Prints the model specifications of an object of class KuttnerModel.

Usage

## S3 method for class 'KuttnerModel'
print(x, call = TRUE, check = TRUE, ...)

Arguments

x

An object of class KuttnerModel.

call

A logical. If TRUE, the call will be printed.

check

A logical. If TRUE, the model class will be checked.

...

Ignored.

Value

No return value, model information is printed.


Print NAWRUfit object

Description

Prints the model specifications and the estimation results of an object of class NAWRUfit.

Usage

## S3 method for class 'NAWRUfit'
print(x, ...)

Arguments

x

An object of class NAWRUfit.

...

Ignored.

Value

No return value, results are printed.


Print NAWRUmodel object

Description

Prints the model specifications of an object of class NAWRUmodel.

Usage

## S3 method for class 'NAWRUmodel'
print(x, call = TRUE, check = TRUE, ...)

Arguments

x

An object of class NAWRUmodel.

call

A logical. If TRUE, the call will be printed.

check

A logical. If TRUE, the model class will be checked.

...

Ignored.

Value

No return value, model information is printed.


Print TFPfit object

Description

Prints the model specifications and the estimation results of an object of class TFPfit.

Usage

## S3 method for class 'TFPfit'
print(x, ...)

Arguments

x

An object of class TFPfit.

...

Ignored.

Value

No return value, results are printed.


Print TFPmodel object

Description

Prints the model specifications of an object of class TFPmodel.

Usage

## S3 method for class 'TFPmodel'
print(x, call = TRUE, check = TRUE, ...)

Arguments

x

An object of class TFPmodel.

call

A logical. If TRUE, the call will be printed.

check

A logical. If TRUE, the model class will be checked.

...

Ignored.

Value

No return value, model information is printed.


Print gap object

Description

Prints the model specifications of an object of class gap.

Usage

## S3 method for class 'gap'
print(x, ...)

Arguments

x

An object of class gap.

...

Ignored.

Value

No return value, results are printed.


Trend anchor

Description

Computes the anchored trend given a fitted object of class NAWRUfit, TFPfit, or KuttnerFit.

Usage

trendAnchor(fit, anchor = NULL, h = NULL, returnFit = FALSE)

Arguments

fit

An object of class NAWRUfit, TFPfit, or KuttnerFit.

anchor

A numeric specifying the anchor value. If unspecified, anchor is taken from the object fit (if specified).

h

An integer specifying the anchor horizon in the frequency of the underlying model. If unspecified, h is taken from the object fit (if specified).

returnFit

A logical. If TRUE, an object of the same class as fit including the anchored trend is returned. If FALSE, only the anchored trend time series is returned.

Value

A fitted object if returnFit = TRUE or a time series with the anchored trend.

Examples

# define nawru model for France
data("gap")
tsList <- amecoData2input(gap$France)
model <- NAWRUmodel(tsl = tsList)

# estimate nawru model

f <- fit(model = model)

# compute anchored nawru
anchoredNawru <- trendAnchor(fit = f, anchor = 6.5, h = 10)
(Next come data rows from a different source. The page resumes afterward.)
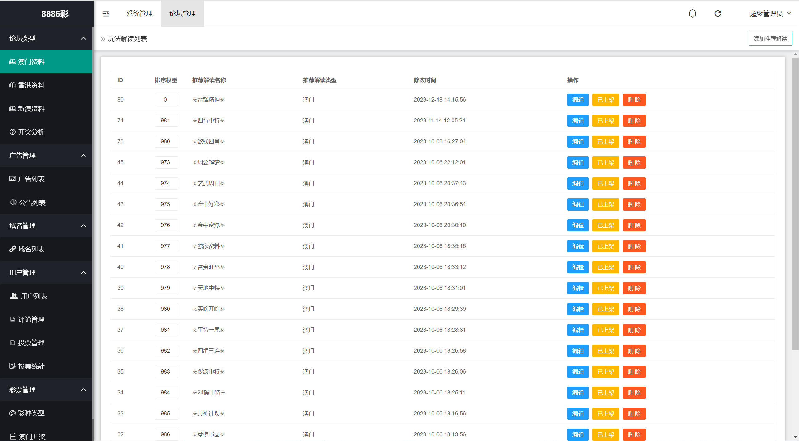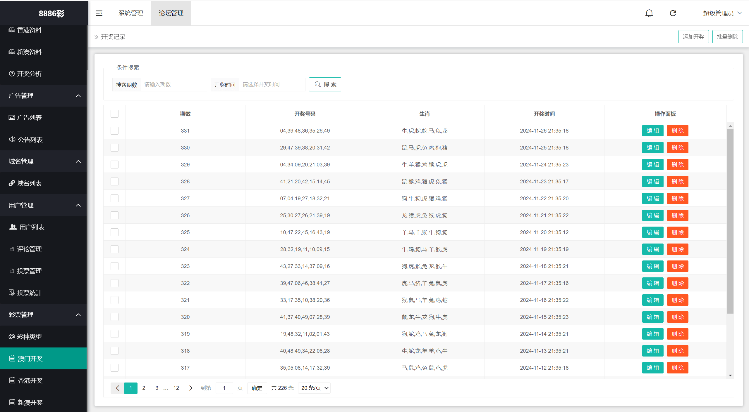 运营版六合彩资源图库开奖网/采集正常/论坛资料/投票评论/带留言板功能 声明:本站所有文章,如无特殊说明或标注,均为本站原创发布。任何个人或组织,在未征得本站同意时,禁止复制、盗用、采集、发布本站内容到任何网站、书籍等各类媒体平台。如若本站内容侵犯了原著者的合法权益,可联系我们进行处理。
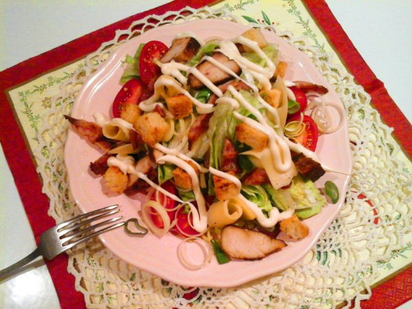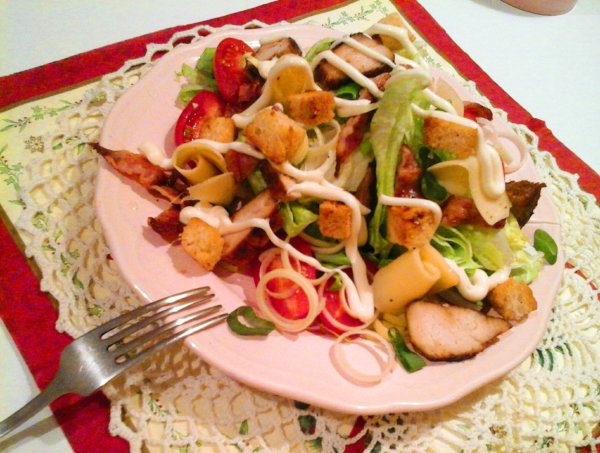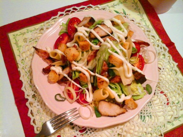 Az én salátám sem lett teljesen autentikus, saját ízlésünknek megfelelően változtattam rajta, egy kicsit felturbóztam, csirkemellel és egyéb zöldségekkel, és a pikáns öntetemmel… 🙂 Isteni finom, érdemes ezt is kipróbálni, ha egy finom salátára vágyunk, hiszen gyors, egyszerű és 30 perc alatt készen van… 🙂
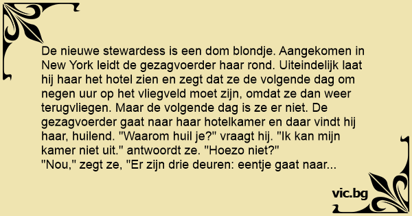 De nieuwe stewardess is een dom blondje. Aangekomen in New York leidt de gezagvoerder haar rond. Uiteindelijk laat hij haar het hotel zien en zegt dat ze de volgende dag om negen uur op het vliegveld moet zijn, omdat ze dan weer terugvliegen. Maar de volgende dag is ze er niet. De gezagvoerder gaat naar haar hotelkamer en daar vindt hij haar, huilend. "Waarom huil je?" vraagt hij. "Ik kan mijn kamer niet uit." antwoordt ze. "Hoezo niet?"

Find suitable trend specification

Description

Finds the most suitable trend model according to the BIC.

Usage

trendOptim(x, opt = c("RW1", "RW2", "DT"))

Arguments

x

A time series.

opt

A character vector with the trend models to be tested. The default is opt = c("RW1", "RW2", "DT").

Value

A character string with the chosen trend model.


Trend volatility measures

Description

Computes trend volatility measures.

Usage

trendVolaMeasures(tsOriginal, tsTrend, nDiff)

Arguments

tsOriginal

The original time series.

tsTrend

The trend time series.

nDiff

Integer indicating the order of differencing applied to the input series.

Value

A list containing the different measures.